In a driving support method of a driving support system that supports driving of a vehicle,
A position information acquisition unit acquires the position information of the vehicle;
A route generation unit generates a travel route of the vehicle in the simple map based on the simple map information representing the simple map used for route guidance and the position information,
A surrounding map generation unit generates a surrounding map of the vehicle as surrounding map information while the vehicle is running using the position information,
A feature extraction unit extracts road features in each of the simple map and the surrounding map including the travel route,
An alignment unit performs alignment between the simple map and the surrounding map based on the characteristics of the road, and calculates the position of the vehicle as a vehicle position;
A path generation unit projects the travel route on the surrounding map using the vehicle position, and based on the travel route projected on the surrounding map, a path for the vehicle to travel the travel route Driving support method to be generated.
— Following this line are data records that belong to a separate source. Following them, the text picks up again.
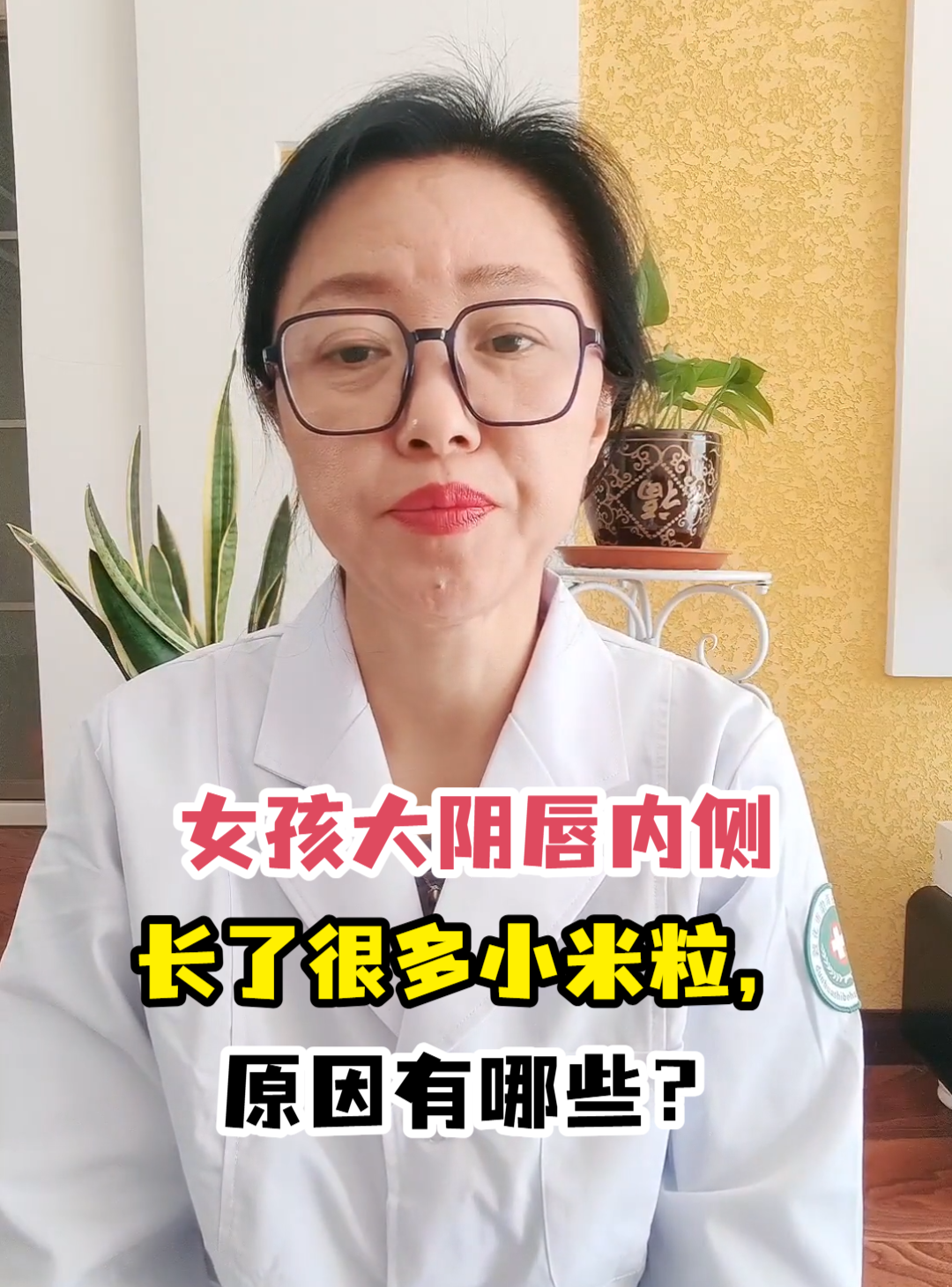 女性阴唇内侧长了很多小颗粒,可能是假性湿疣、生殖器疱疹等因素导致,局部出现丘疹或小水疱,一般无自觉症状,需遵医嘱治疗。
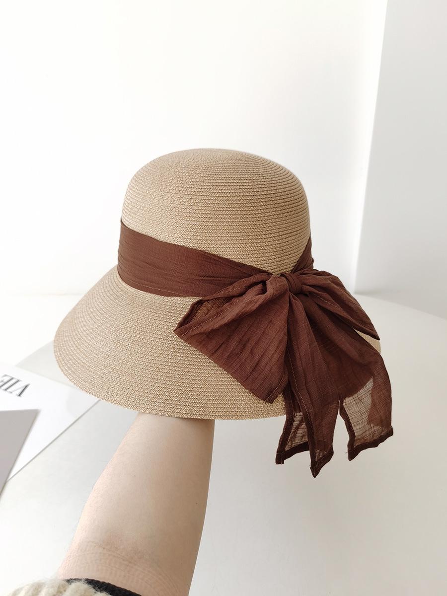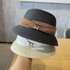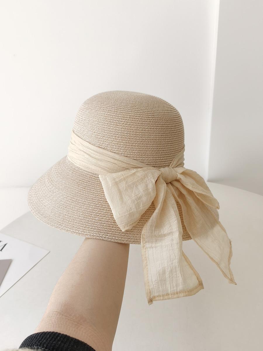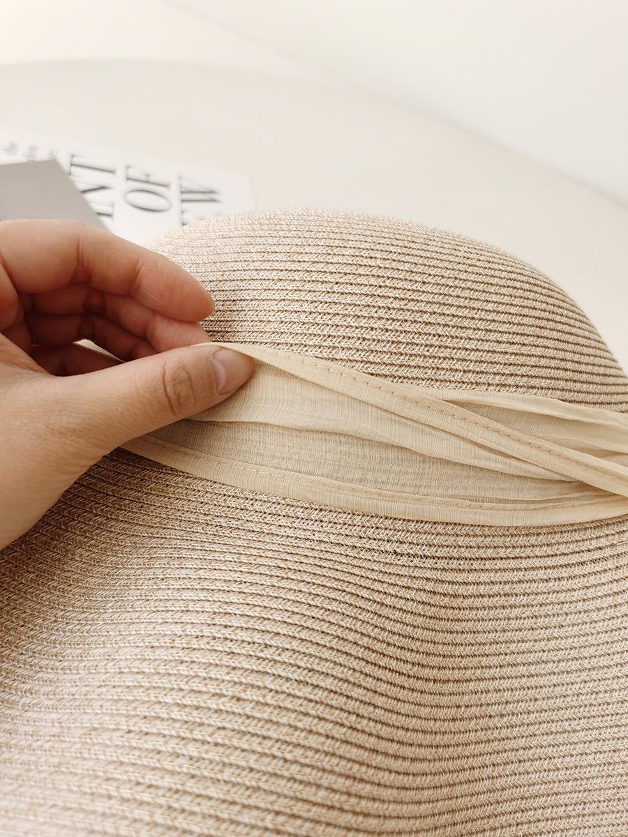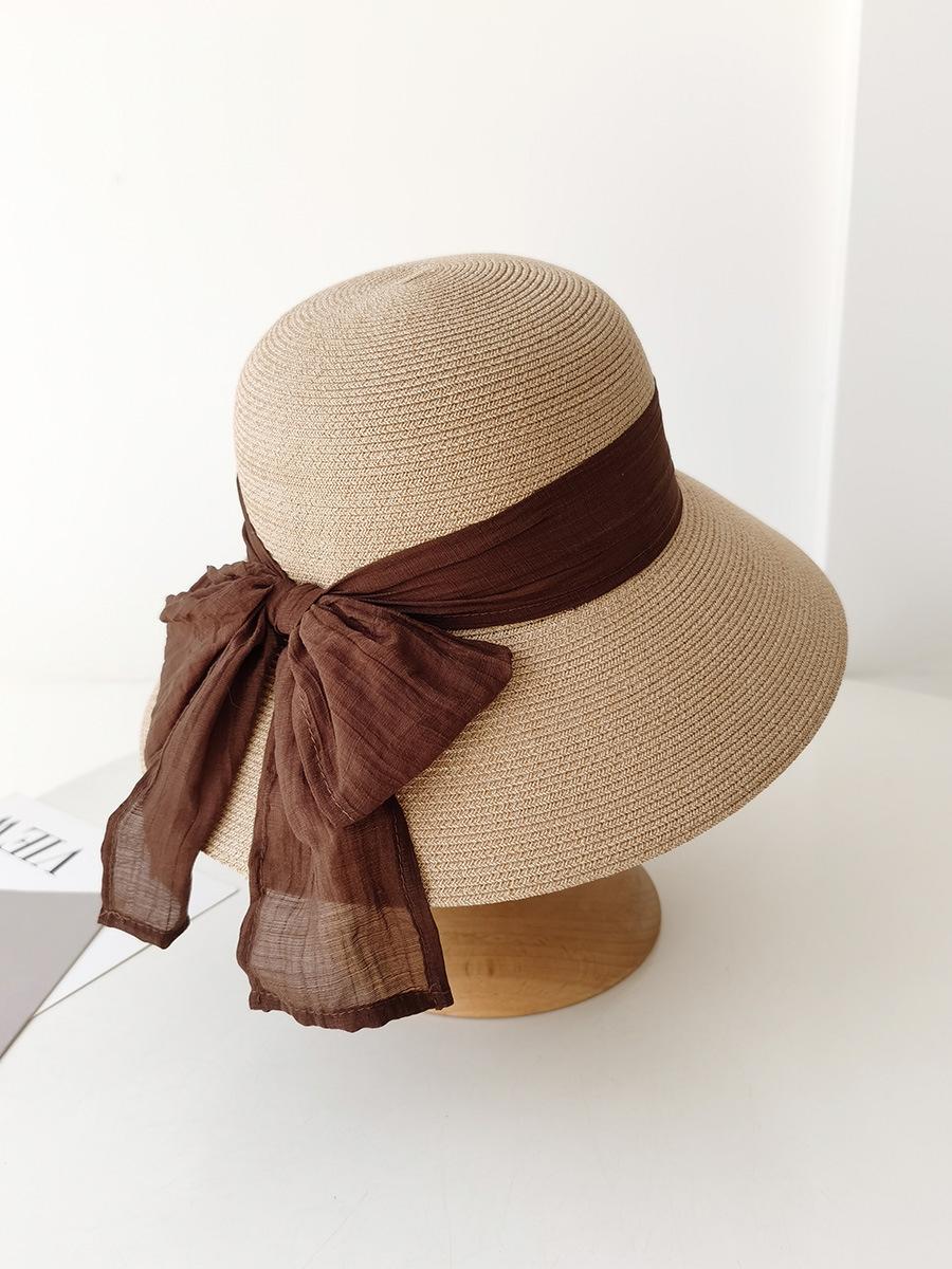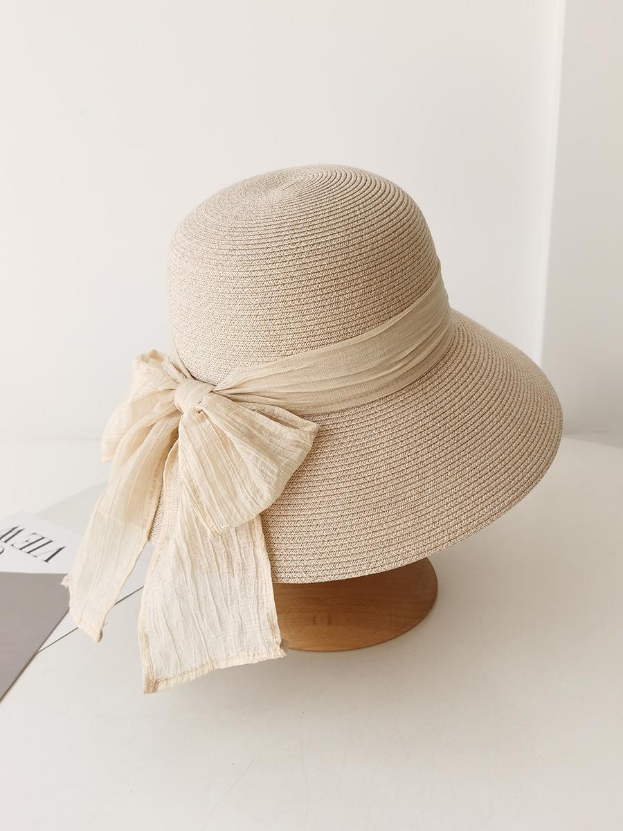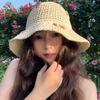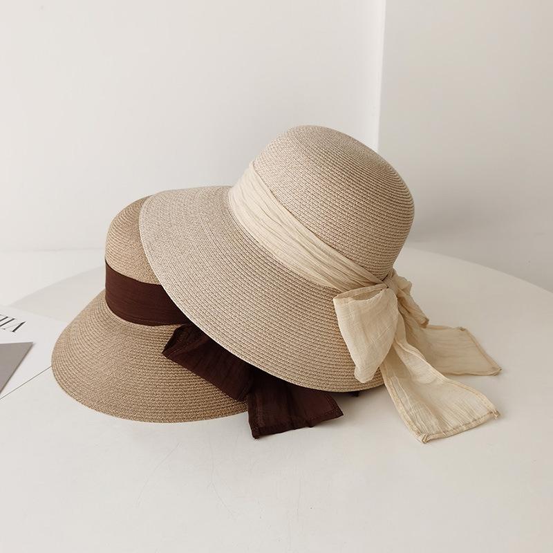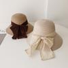 Sombrero de Paja Grande Cornu con Lazo Estilo Fresco Pequeño para Mujer Plegable Protector Solar para la Playa de Verano Sombrero de Pescador de Moda
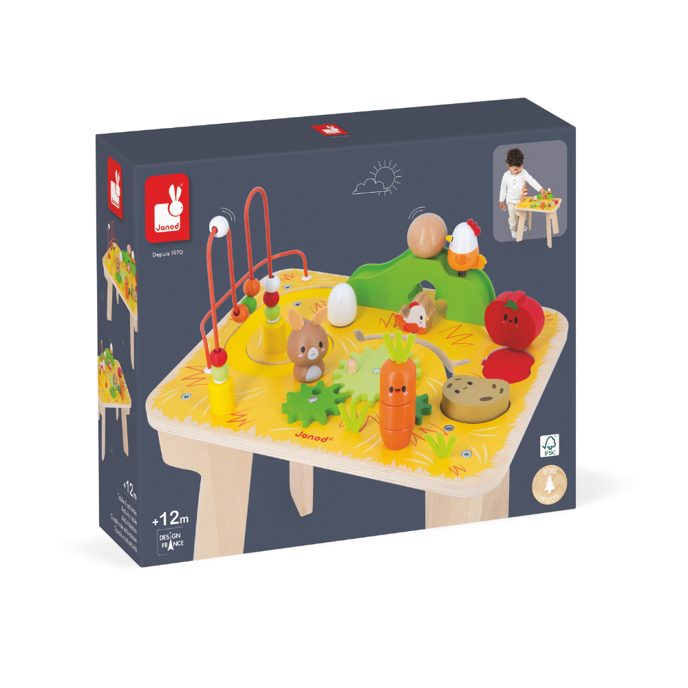 Rumo à fazenda. Esta mesa de atividades encanta. É indicada a partir de 12 meses. Além disso, reúne várias brincadeiras.
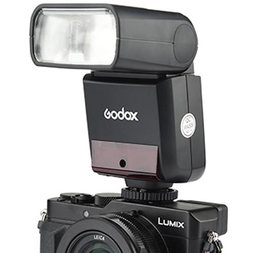 Flash de mão, leve e com flashes profissionais devem ter, este é o Godox350 com bateria de mão, que pequeno e V número guia de 36 a 100 ISO. Este é um flash projetado e ideal para câmaras compactas e sem espelho, embora possa ser usado com a maioria das câmaras DSLR no mercado.
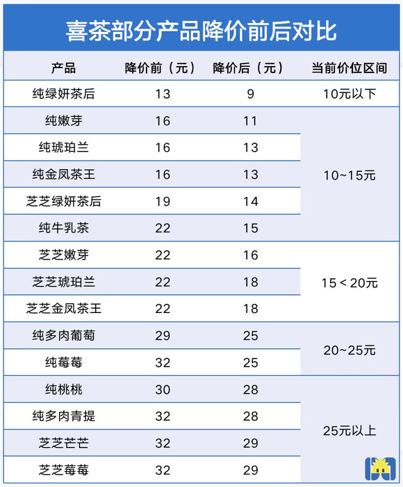 纯茶类产品降价后最便宜,比如纯绿妍茶后从13元降到9元、纯嫩芽从16元降到11元、芝芝绿妍茶后从19元降为14元;乳茶品类降价幅度最大,比如纯牛乳茶从22元到15元,直降7元;水果茶中的纯莓莓也降了7元,现价25元,另外,多肉葡萄不带芝士版从29元降至25元,芝芝莓莓/芒芒则从32元降到29元;小料中,芝士也降了1元。
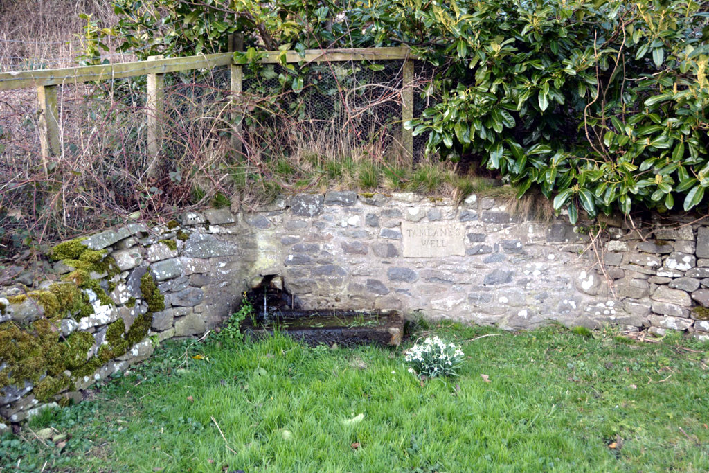 The well, and Tamlane (who was the son of Randolph, Earl of Moray), are both referred to in a ballad by Sir Walter Scott: “Minstrelsy of the Scottish Border, volume 2”. Also referred to from ‘Tam Lin’ by Robert Burns, adding: “Tam Lin was a knight who had been captured by the Queen of the Fairies and was being prepared for sacrifice on Hallowe’en, to pay off the little people’s dues to the devil. He is saved by Janet in a fearless act of bravery and love, holding tightly on to her man as his shape is shifted from poisonous snake to wild animal, through iron and through lead, until eventually emerging as ‘a naked knight’ in her arms.”
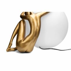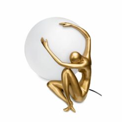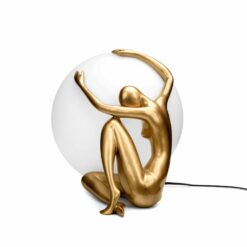Duży okrągły biały klosz wykonany z polipropylenu zapewnia równomierne i przyjemne rozproszenie światła, postać kobiety wykonana jest z żywicy.

Position information acquisition processing for acquiring vehicle position information;
A route generation process for generating a travel route of the vehicle in the simple map based on the simple map information representing the simple map used for route guidance and the position information;
Using the location information, a surrounding map generation process for generating a surrounding map of the vehicle as surrounding map information while the vehicle is traveling,
A feature extraction process for extracting road features in each of the simple map and the surrounding map including the travel route;
Based on the characteristics of the road, alignment processing for performing alignment between the simple map and the surrounding map, and calculating the position of the vehicle as a vehicle position;
A path generation process for projecting the travel route on the surrounding map using the vehicle position and generating a path for the vehicle to travel on the travel route based on the travel route projected on the peripheral map. A driving support program that causes a computer to execute.